Data-Mining the Foundational Patents of Photovoltaic Materials: An Application of Patent Citation Spectroscopy

Journal of Scientometric Research,,2018,7,2,79-83.
Published:August 2018
Type:Research Article

Jordan A Cominsand Loet Leydesdorff2*

1Social and Behavioral Sciences Department, The MITRE Corporation, McLean, VA, UNITED STATES.

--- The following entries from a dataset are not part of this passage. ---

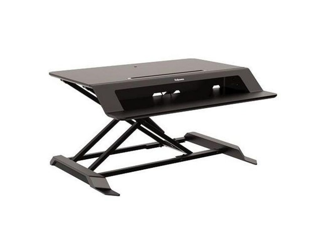 Förvandlar ditt konventionella skrivbord till en dynamisk sittarbetsplats och ger rörelse till din arbetsdag. Enkel övergång från sittande till stående tack vare den enkla gasfjäderhöjdinställningen så att du regelbundet kan ändra din arbetsställning. Lotus LT-bordet med sin stora arbetsyta i två nivåer är lämpligt för en flexibel uppsättning, eftersom det erbjuder plats för upp till två bildskärmar eller en bildskärm och en bärbar dator samt tillräckligt med utrymme. för mus och tangentbord. Denna stående skrivbord erbjuder tillräckligt med utrymme och förvaringsutrymme för mobiltelefon och andra tillbehör. Levereras helt monterad – inga komplicerade monteringsanvisningar, ingen montering krävs – packa bara upp och börja använda. - Mått: 60,96 x 80,01 x 11,11 cm - Vikt: 14.74 Kg
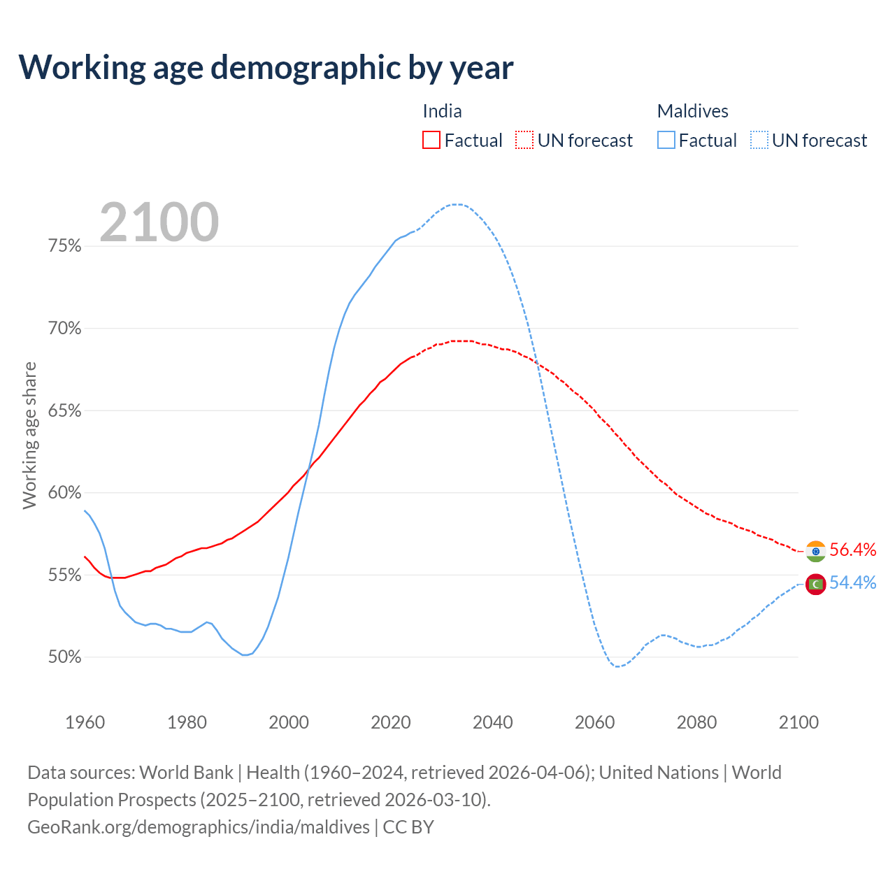 - India has 1.01B working age adults (aged 15-64) vs 403K in Maldives.
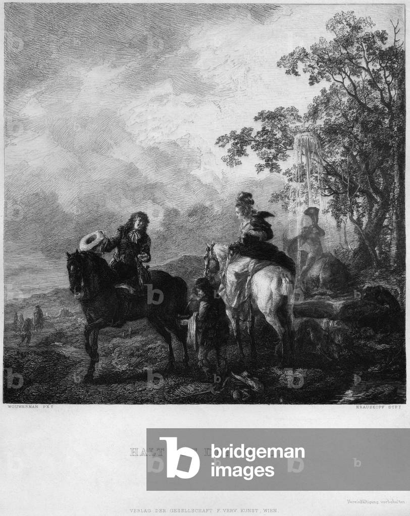 SZT5181892: "Halt auf der Jagd" (Break during the hunt) (engraving) / Bridgeman Images

2Amsterdam School of Communication Research (ASCoR), University of Amsterdam, PO Box 15793, 1001 NG Amsterdam, NETHERLANDS.

Abstract:

Patents branch out in tree-like structures along trajectories. The historical root or seminal, patent can be followed using sequences of patent citations. The algorithmic method of PCS presented in this study provides a solution to the problem where to begin the analysis of a technological development. PCS enables the user to retrieve the fundamental patent in any technological domain using a topical search. This application thus orients the user strategically. To illustrate the value of PCS, we provide the results of a search for the seminal patents of the nine CPC subclasses pertaining to photovoltaic solar cells, a key area of technological innovation. Research and development (R&D) in photovoltaic devices continues to yield greater efficiencies, offering the potential to lower the cost of solar energy.[1] As these advances in solar technology become primed for penetrating the global energy system, an understanding of the key patents and inventors in photovoltaic materials will assist decision-makers in understanding the R&D landscape.[2] We demonstrate that such searches are easily completed via PCS in each of the nine CPC subclasses. Searches of scholarly article databases validated the results obtained through PCS in five of the nine classes.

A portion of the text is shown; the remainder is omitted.